[Stored records]
■ ■ ■ ■ ■ ■ ■

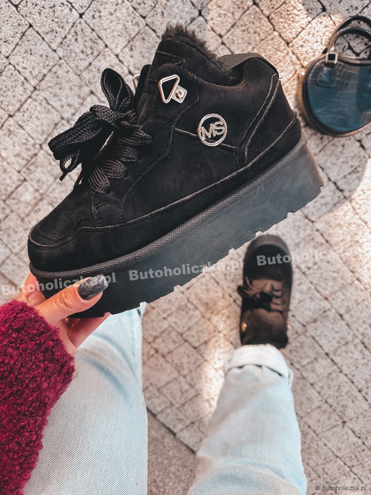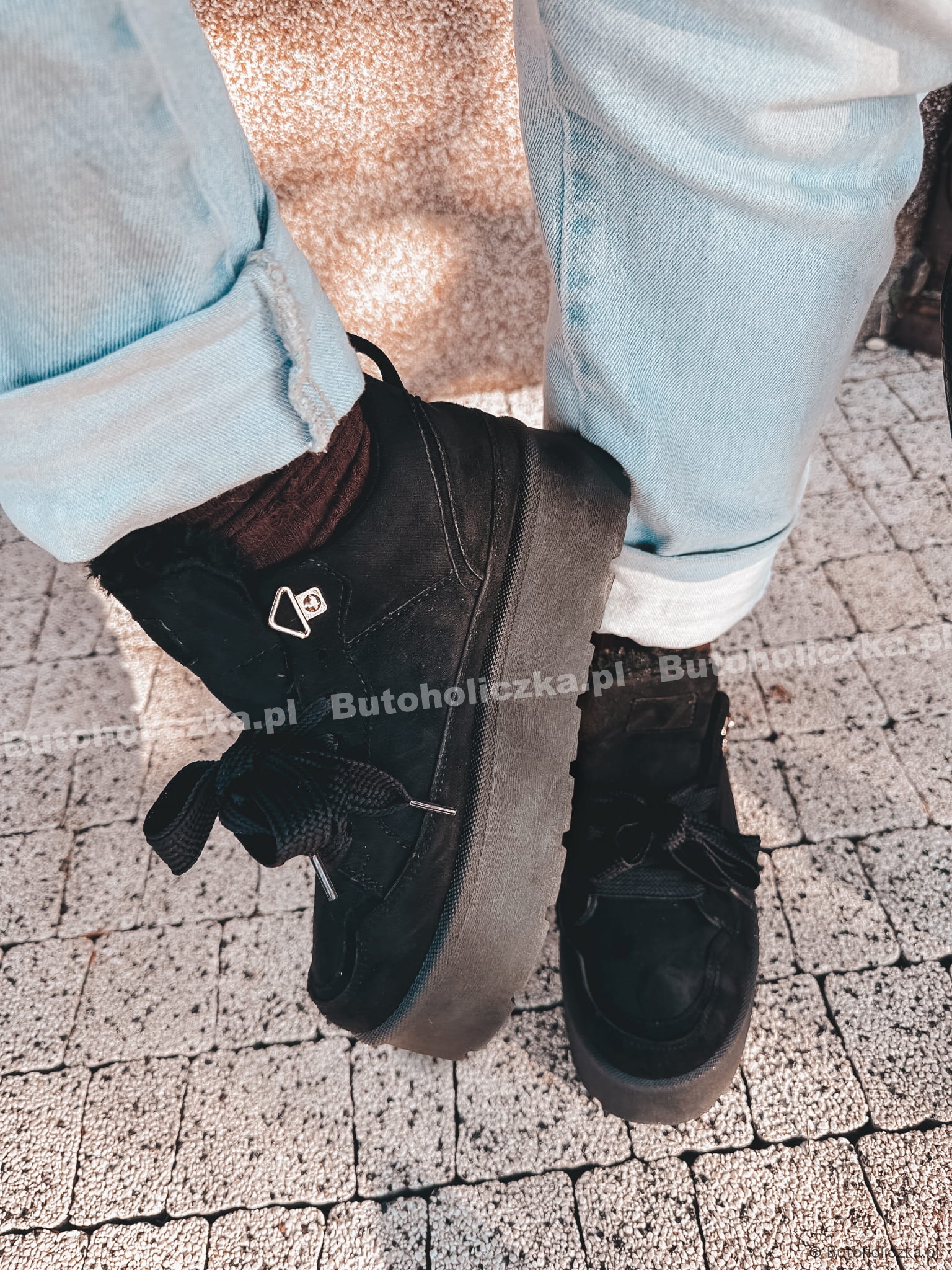 Ocieplane buty sportowe to idealna propozycja dla osób kótre chcą czuć się wygodnie i komfortowo nawet w zimine dni. Na podwyższonej podeszwie, wiązane na sznurówki. Stworzysz cieplutką i modną stylizację z tym modelem.
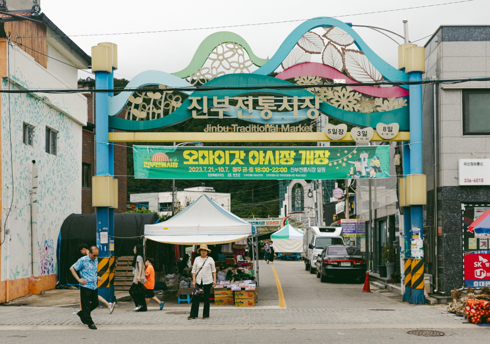 진부전통시장이 있는 하진부리는 아담한 동네다. 정겨운 옛 모습이 남아있어 동네 곳곳을 거닐다 보면 30~40년 전으로 돌아간 것 같은 기분이 든다. 좋은 인상으로 남았던 건, 단순히 낡고 오래된 지역이 아니라 잘 정돈돼 있으면서도 레트로한 분위기가 풍기다는 점이다.
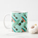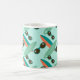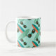 The pattern decorating this mug is inspired by summertime at the beach. It features retro style sunglasses and surfboards in cool colours of teal and green with orange.
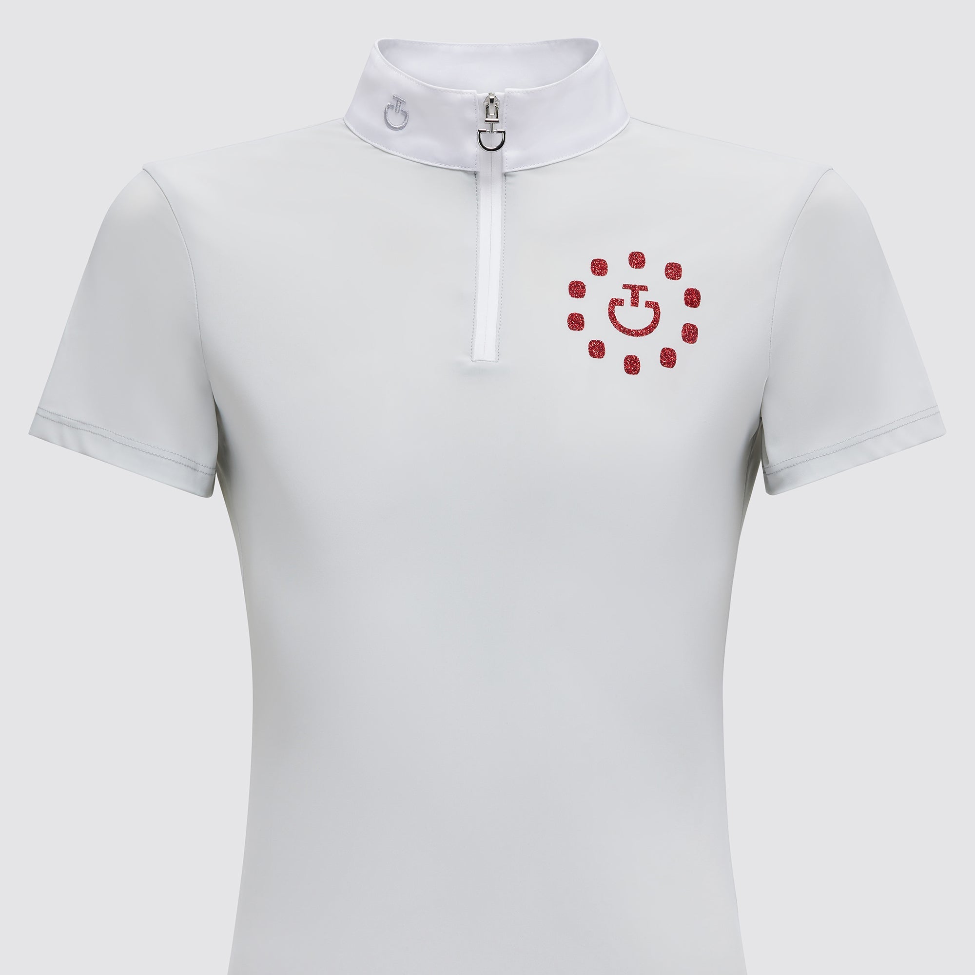 Immerse yourself in elegance with the sophisticated details of our CT Glitter Print Polo. The white poplin collar adds a touch of refinement, creating a polished look suitable for any riding occasion. The coated zipper not only enhances the overall aesthetic but also ensures a flawless fit. Step into the arena with confidence, knowing you exude style and grace.
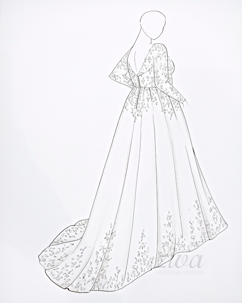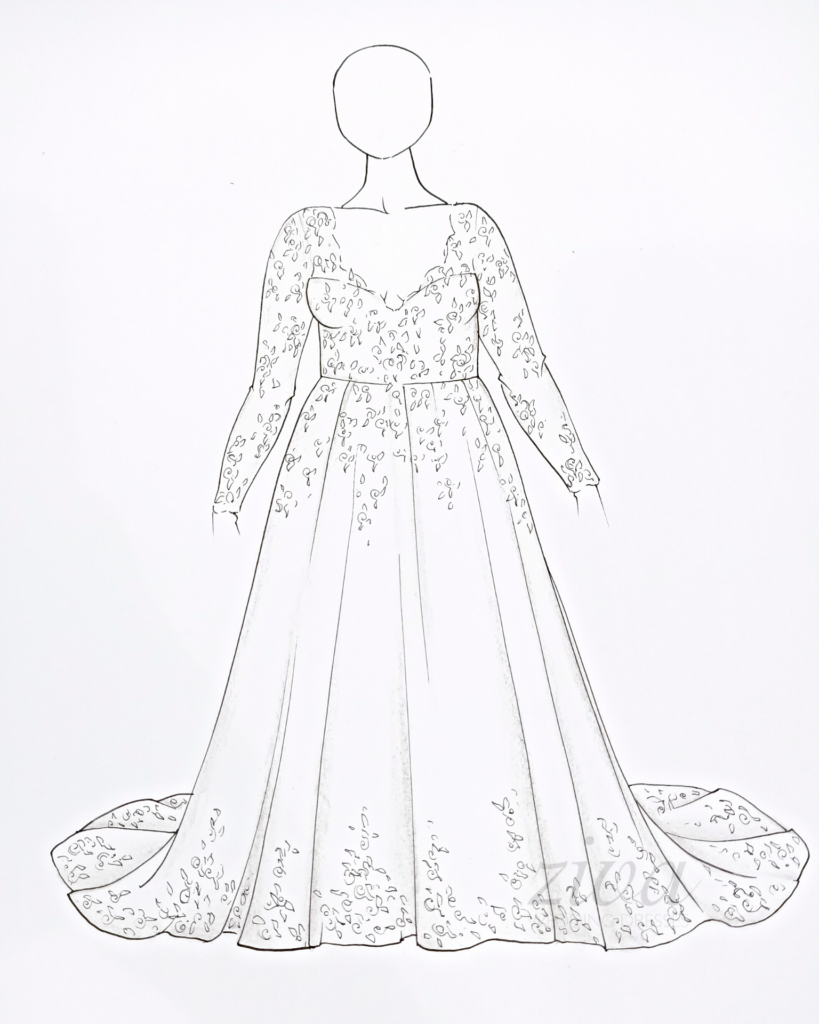 This timeless gown was designed with comfort, elegance, and effortless beauty in mind. Featuring a softly structured bodice with a flattering V-neckline, the dress is finished with delicate lace detailing that extends into sheer long sleeves, creating a romantic and feminine silhouette.
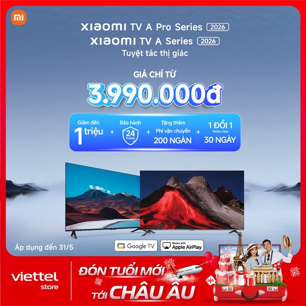 Từ ngày 15/05, Viettel Store chính thức mở bán Xiaomi TV A & A Pro Series 2026 – “Tuyệt tác thị giác” giá chỉ từ 3.990.000đ. Đặc biệt, trong thời gian mở bán từ nay đến hết 31/05/2025 khi đặt mua dòng TV mới này của Xiaomi bạn sẽ được giảm ngay đến 1.000.000đ cùng ưu đãi bảo hành 24 tháng.
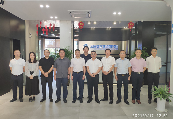 此行的主要目的是學習巨匠集團在BIM技術(shù)、信息化平臺使用、業(yè)財稅資一體化管理、智慧工地平臺建設、項目層面管理等方面先進的理念和做法。巨匠集團副總裁金水根,云匠研究院主任舒成貴帶領我們參觀了云匠研究院展廳,并到施工一線實地了解運行情況,就相關工作進行了深入的探討與交流。
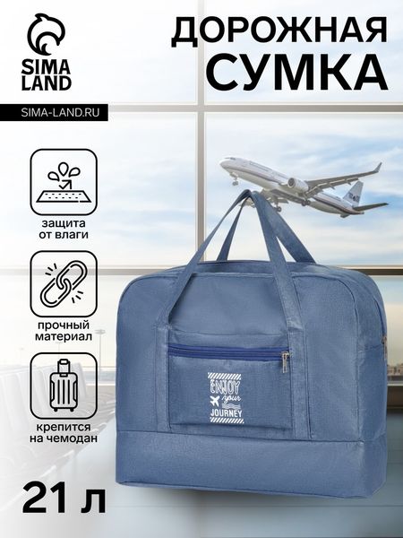 Сумка дорожная на молнии, отдел для обуви, наружный карман, держатель для чемодана, синяя
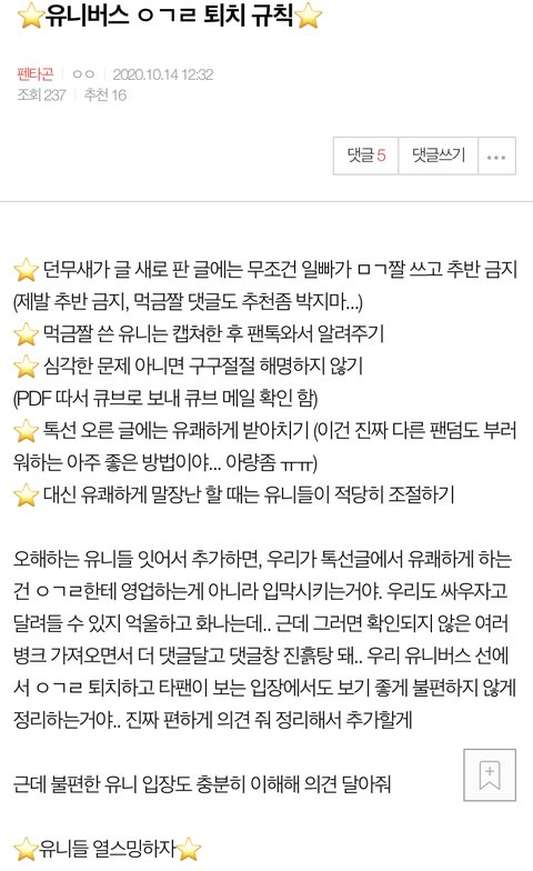 ㅇㄱㄹ대처 공지 있어!!!!!! 엔터에 이제 자주 오를텐데 다시 한 번 읽고 오자!!><
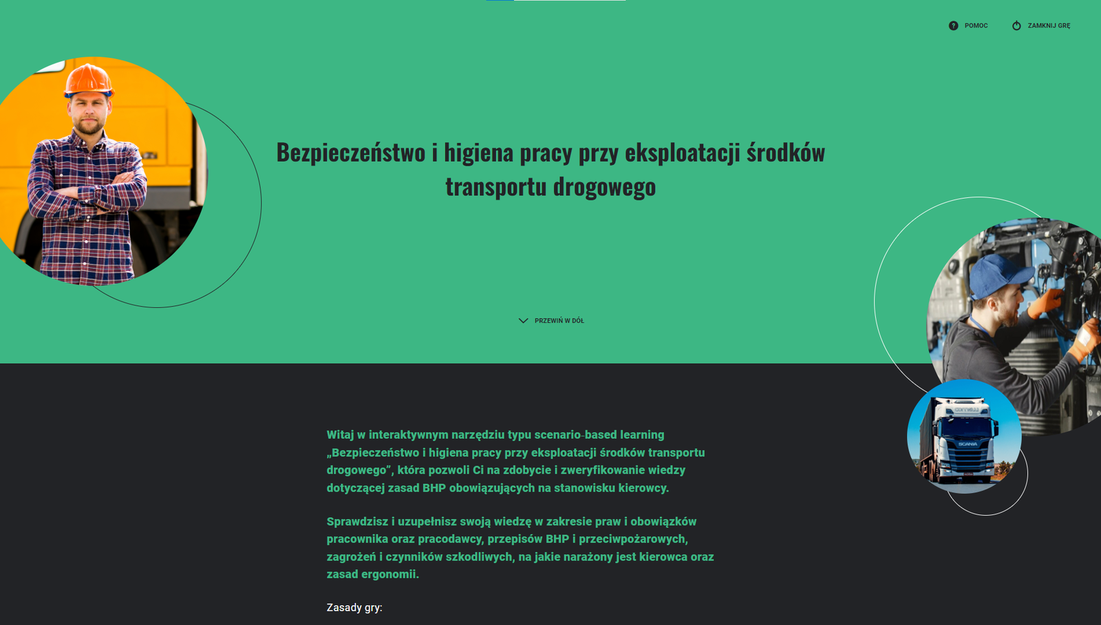 Interaktywne narzędzie typu scenario‑based learning pozwala sprawdzić wiedzę w temacie BHP przy eksploatacji środków transportu drogowego. Jego uruchomienie następuje po kliknięciu przycisku Włącz tryb pełnoekranowy.
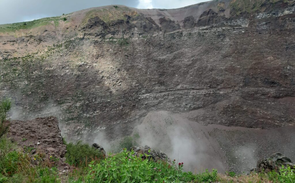 In cima il cratere ha un diametro di 8 km ed è sigillato da un tappo di ceneri piroclastiche e polveri che rappresenta il fascino e il timore di vivere a contatto con un ospite in grado di ribollire e scoperchiare tonnellate di sedimenti assieme alle non frequenti gittate laviche. Come nel 1631 quando l’eruzione “sub-pliniana” fece quasi 5000 morti.
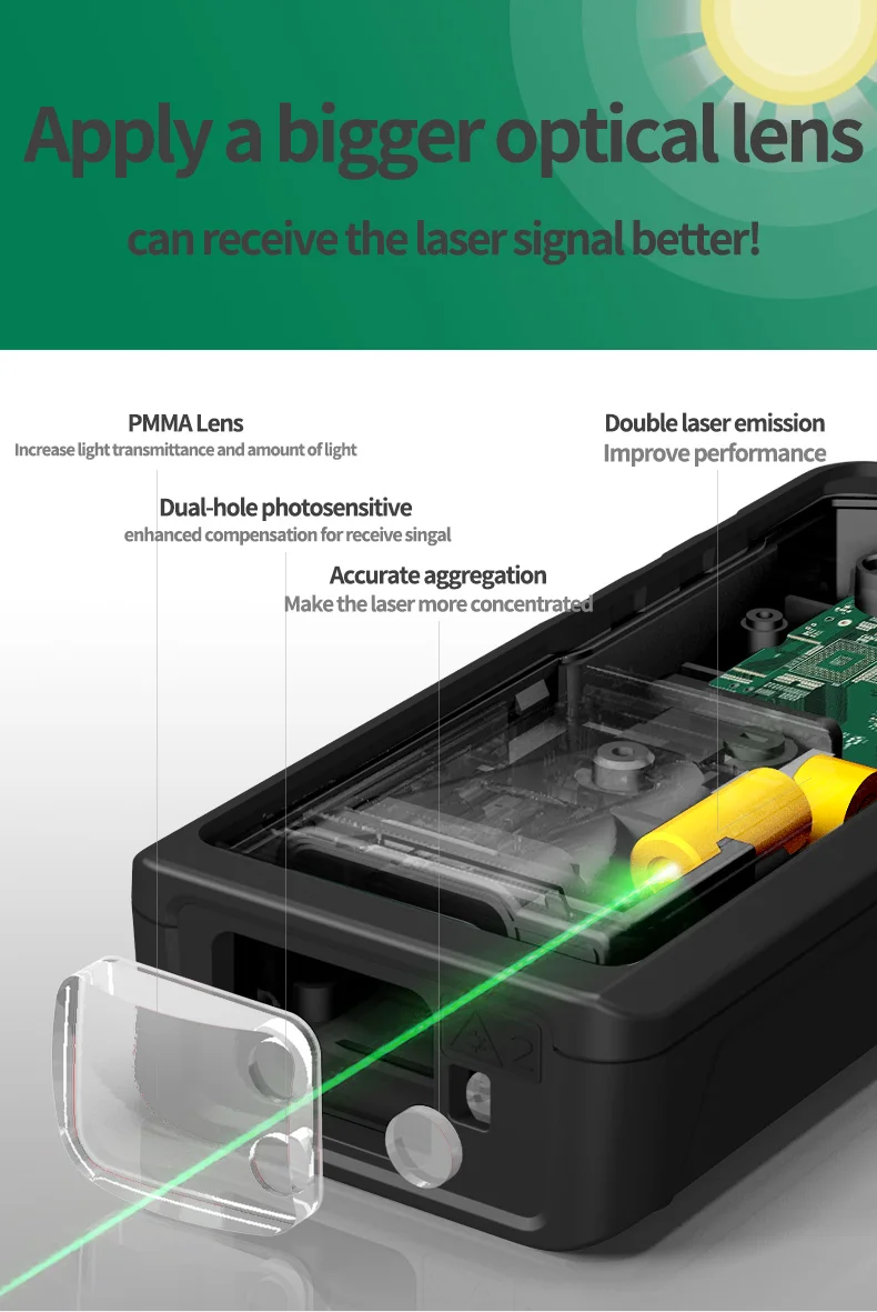 Зеленый лазерный луч лазерный дальномер, Большие оптические линзы, немецкая технология, точный.

■ ■ ■ ■ ■ ■ ■

## DESCRIPTION OF THE TASK
Exact repetition is the task: every line from the start of the data to the line with "Interaktywne narzędzie typu", inclusive, and none after it, pictures omitted.

## RESPONSE FOR THIS EXERCISE
 Ocieplane buty sportowe to idealna propozycja dla osób kótre chcą czuć się wygodnie i komfortowo nawet w zimine dni. Na podwyższonej podeszwie, wiązane na sznurówki. Stworzysz cieplutką i modną stylizację z tym modelem.
 진부전통시장이 있는 하진부리는 아담한 동네다. 정겨운 옛 모습이 남아있어 동네 곳곳을 거닐다 보면 30~40년 전으로 돌아간 것 같은 기분이 든다. 좋은 인상으로 남았던 건, 단순히 낡고 오래된 지역이 아니라 잘 정돈돼 있으면서도 레트로한 분위기가 풍기다는 점이다.
 The pattern decorating this mug is inspired by summertime at the beach. It features retro style sunglasses and surfboards in cool colours of teal and green with orange.
 Immerse yourself in elegance with the sophisticated details of our CT Glitter Print Polo. The white poplin collar adds a touch of refinement, creating a polished look suitable for any riding occasion. The coated zipper not only enhances the overall aesthetic but also ensures a flawless fit. Step into the arena with confidence, knowing you exude style and grace.
 This timeless gown was designed with comfort, elegance, and effortless beauty in mind. Featuring a softly structured bodice with a flattering V-neckline, the dress is finished with delicate lace detailing that extends into sheer long sleeves, creating a romantic and feminine silhouette.
 Từ ngày 15/05, Viettel Store chính thức mở bán Xiaomi TV A & A Pro Series 2026 – “Tuyệt tác thị giác” giá chỉ từ 3.990.000đ. Đặc biệt, trong thời gian mở bán từ nay đến hết 31/05/2025 khi đặt mua dòng TV mới này của Xiaomi bạn sẽ được giảm ngay đến 1.000.000đ cùng ưu đãi bảo hành 24 tháng.
 此行的主要目的是學習巨匠集團在BIM技術(shù)、信息化平臺使用、業(yè)財稅資一體化管理、智慧工地平臺建設、項目層面管理等方面先進的理念和做法。巨匠集團副總裁金水根,云匠研究院主任舒成貴帶領我們參觀了云匠研究院展廳,并到施工一線實地了解運行情況,就相關工作進行了深入的探討與交流。
 Сумка дорожная на молнии, отдел для обуви, наружный карман, держатель для чемодана, синяя
 ㅇㄱㄹ대처 공지 있어!!!!!! 엔터에 이제 자주 오를텐데 다시 한 번 읽고 오자!!><
 Interaktywne narzędzie typu scenario‑based learning pozwala sprawdzić wiedzę w temacie BHP przy eksploatacji środków transportu drogowego. Jego uruchomienie następuje po kliknięciu przycisku Włącz tryb pełnoekranowy.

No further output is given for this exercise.